N. 01341/2012 REG.RIC.
REPUBBLICA ITALIANA
IN NOME DEL POPOLO ITALIANO
Il Tribunale Amministrativo Regionale per la Calabria
(Sezione Prima)
ha pronunciato la presente
SENTENZA
sul ricorso numero di registro generale 1341 del 2012, proposto da:
Curatela del Fallimento 11/2010 "Proserpina Spa in Liquidazione", rappresentato e difeso dall'avv.

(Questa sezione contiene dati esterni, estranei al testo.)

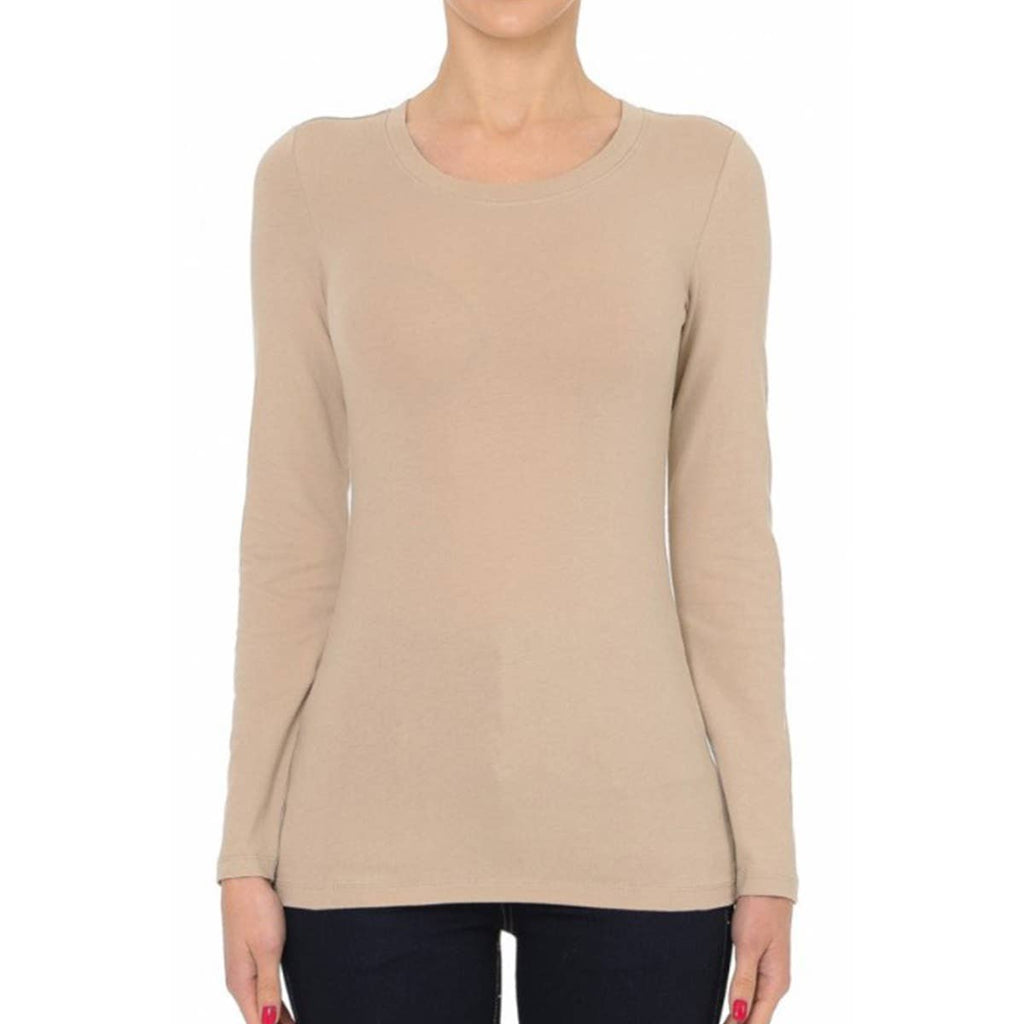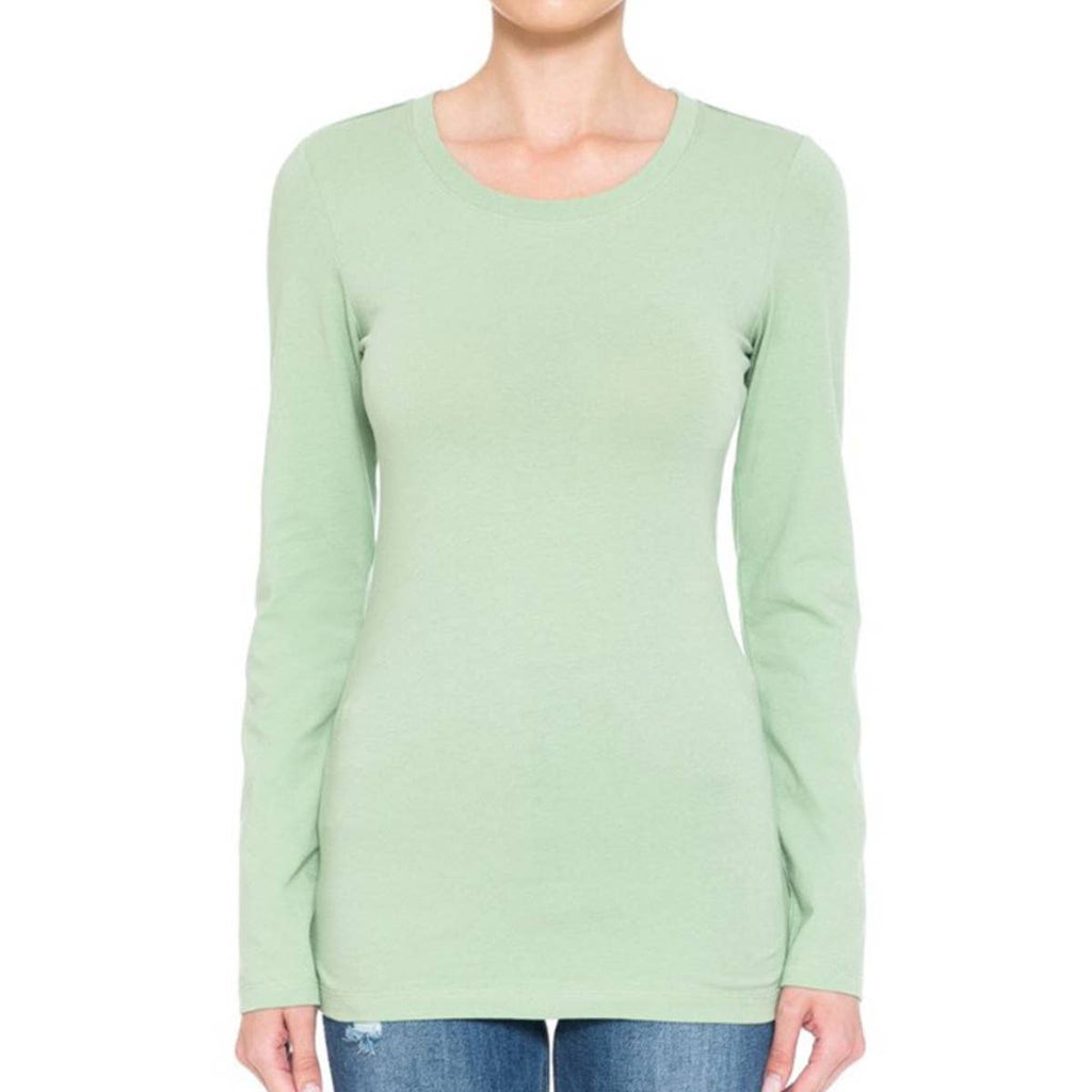 Round Neck Long Sleeve Basic Top 95% COTTON, 5% SPANDEX

Vincenzo Cantafio, con domicilio eletto presso l’avv.Maria Mirigliani in Catanzaro, via A.Barbaro N.25;
contro
Comune di Acquaro;
per l'ottemperanza al giudicato sul decreto ingiuntivo n.25/08 del Tribunale di Vibo Valentia
Visti il ricorso e i relativi allegati;
Viste le memorie difensive;
Visti tutti gli atti della causa;
Relatore nella camera di consiglio del giorno 16 maggio 2013 il dott. Anna Corrado e uditi per le parti i difensori come specificato nel verbale;
Ritenuto e considerato in fatto e diritto quanto segue.
FATTO e DIRITTO
Con decreto ingiuntivo n. 25/08 del 6 febbraio 2008 il Tribunale di Vibo Valentia ha ingiunto al Comune di Acquaro di pagare, in favore della Proserpina S.p.a., la somma di euro 35.749,00 oltre interessi moratori nella misura di cui all’articolo 5 D. Lgs. 231/02 dal dì del dovuto fino all’effettivo soddisfo, oltre le spese della procedura monitoria liquidate in euro 1.061,56, oltre IVA CPA.
Il detto decreto ingiuntivo, notificato al Comune in data 28 febbraio 2008 non è stato opposto dallo stesso.

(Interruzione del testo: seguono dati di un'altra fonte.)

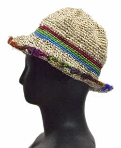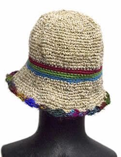 この帽子は、ネパールの人たちがそのヘンプの糸を使って一つ一つ、手で作っていきました。自然素材ならではの色合いと、やさしい風合いが魅力的ですね。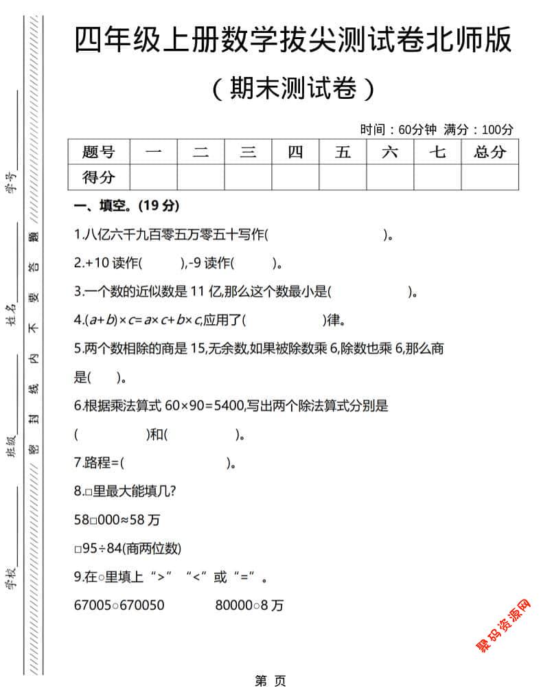 聚码网 四年级 四年级上数学期末拔尖测试卷3《北师版》 http://www.appstore168.com/113845.html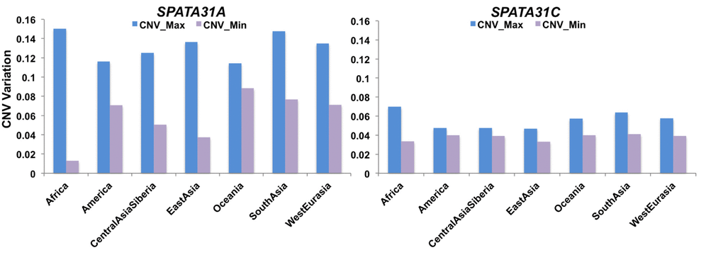 These results raise the question whether natural expression differences of SPATA31 genes through copy number variation could influence mutational and aging processes in humans, especially since humans have the relatively highest number of SPATA31 gene copies among primates [6]. To obtain an overall pattern of copy number variation in humans, we analyzed the Simons Genome Project (SDGP) [26] data using a read depth approach. Given the differences between the SPATA31 A- and C-types (see introduction), we analyzed them separately. We found that SPATA31A has more copies and is more copy number variable than SPATA31C (Fig. 2), with the largest copy number differences seen for SPATA31A in the African populations. When summed across all SPATA31 copies, averages and variances are similar between the population groups, with the exception of native Americans and Africans having lower averages and Africans also higher variance (Suppl. Figure S4). Given that higher copy numbers are expected to express also more gene product, we use in the following correlations with copy numbers to assess effects of SPATA31 in humans.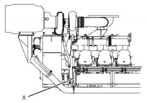 在4012-61A TRG發(fā)動(dòng)機上為測量進(jìn)氣歧管空氣壓力,特工具(A)連接至位置(X)。承載操作發(fā)動(dòng)機。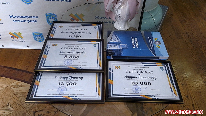 Мер Житомира вручив грошові сертифікати за спортивні здобутки тренеру з таеквондо та трьом призерам міжнародних змагань.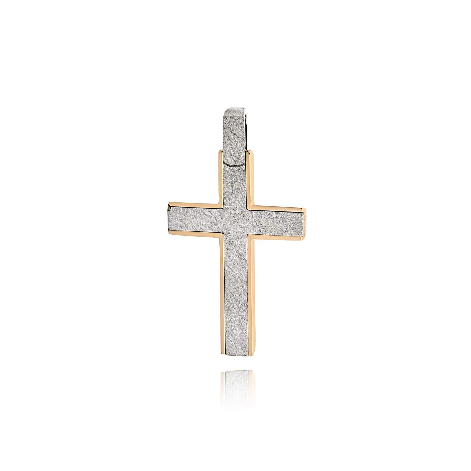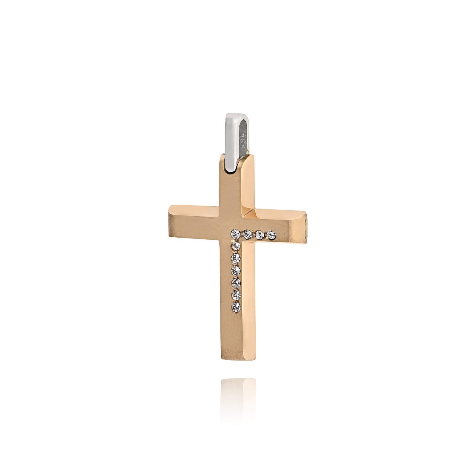 Ένας ξεχωριστός βαπτιστικός σταυρός για κορίτσι, κατασκευασμένος από ροζ και λευκό χρυσό 14 καρατίων. Η διπλή του όψη συνδυάζει μια κομψή ματ επιφάνεια με ένα λαμπερό σχέδιο διακοσμημένο με ζιργκόν, δημιουργώντας μια διακριτική αλλά εντυπωσιακή επιλογή.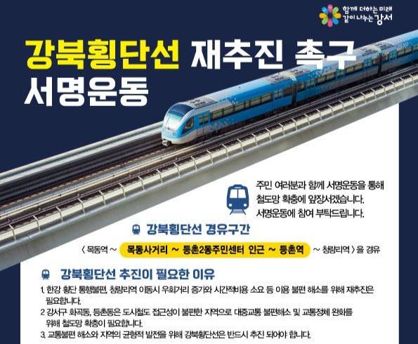 이는 지난 2024년 6월 기획재정부 예비타당성조사에서 탈락한 강북횡단선 사업의 재추진을 위한 강서구민의 강력한 의지를 관련 기관에 전달하기 위함이다.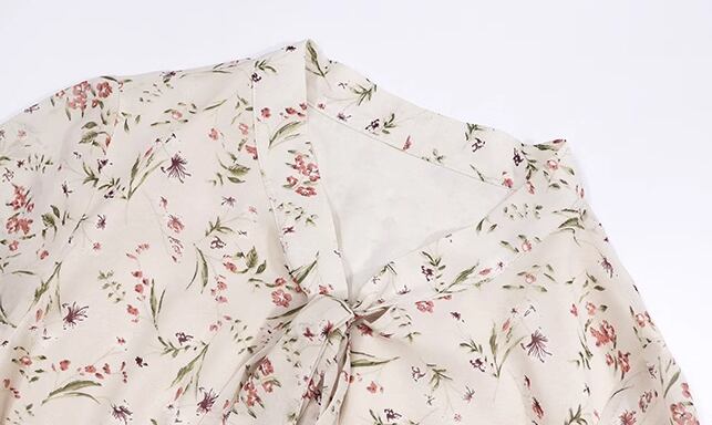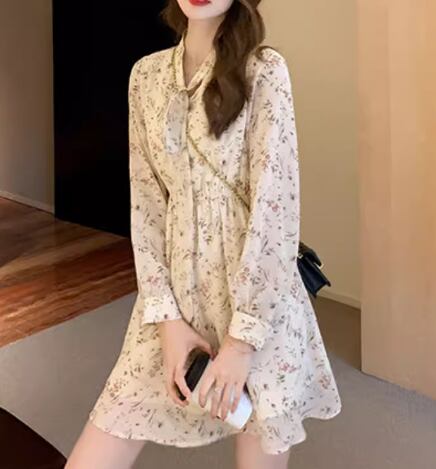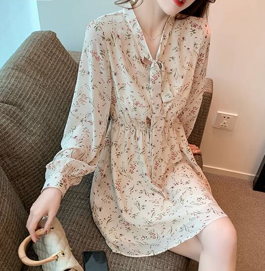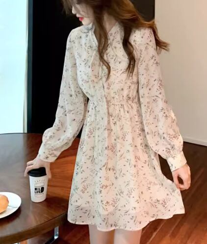 レディース ワンピース プルオーバー ミニ ショート 長袖 スタンドカラー りぼんタイ Aライン フェミニン シフォン リボン ウエストマーク かわいい 大人可愛い きれいめ カジュアル 上品 おしゃれ ガーリー エレガント ラブリー キュート ラグジュアリー セクシー シック 高級感 優しい 穏やか 柔らかい 花柄 フラワー プリント 小花柄 秋 10代 20代 学生 デート お出かけ 普段使い 清楚 S M L ホワイト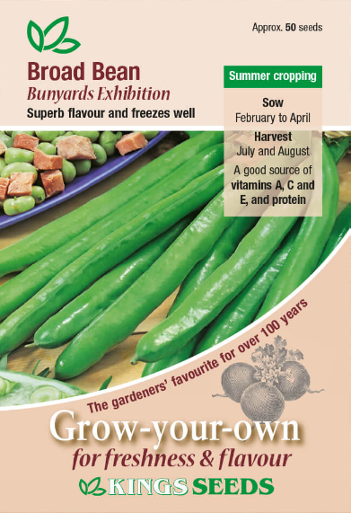 Bunyards were first introduced over 100 years ago. It is a heavy cropping, white seeded type with long pods of 8 or 9 beans. The beans have a good flavour and a good freezer.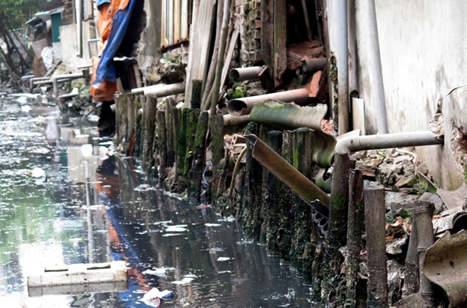 Nước dưới mương đen kịt. Nhiều hộ dân phải đóng cọc tre để giữ móng nhà. |

Con sentenza n. 13 del 16 luglio 2010 il Tribunale di Vibo Valentia ha dichiarato il fallimento della Proserpina S.p.a.
Ad oggi non risulta che l’Amministrazione abbia provveduto a corrispondere quanto dovuto, né ad avviare la procedura di liquidazione.
Con il presente ricorso la ricorrente chiede, quindi, che venga condannata l’amministrazione intimata a dare esecuzione al giudicato in questione e che venga nominata un Commissario ad acta per l’ipotesi di perdurante inerzia.
Non risulta costituito in giudizio l’intimato Comune.
Alla camera di consiglio del 16 maggio 2013 il ricorso è stato trattenuto in decisione.
Il ricorso è fondato e va pertanto accolto.
Dagli atti prodotti in giudizio risulta che l’amministrazione comunale non ha provveduto ad assicurare “effettività” alla pretesa creditoria della parte ricorrente non avendo posto in essere tutti gli interventi all’uopo doverosi.
Pertanto, risultando osservate le formalità previste dall’articolo 114, comma 1 del d.Lgs. 104/2010, va affermata la persistenza dell'obbligo dell'amministrazione debitrice di ottemperare al giudicato nascente dal provvedimento giurisdizionale di cui sopra, per quanto dovuto.
Va, infatti, affermato che il ricorso per ottemperanza è diretto ad assicurare piena e concreta soddisfazione all'interesse sostanziale riconosciuto dal giudicato (esperibile, in particolare, anche per l'esecuzione di una condanna al pagamento di somme di denaro) e che l’esatto adempimento del giudicato da parte dell'Amministrazione non può essere eluso neanche invocando problematiche di copertura finanziaria (Consiglio Stato , sez. IV, 21 febbraio 2011 , n. 1084).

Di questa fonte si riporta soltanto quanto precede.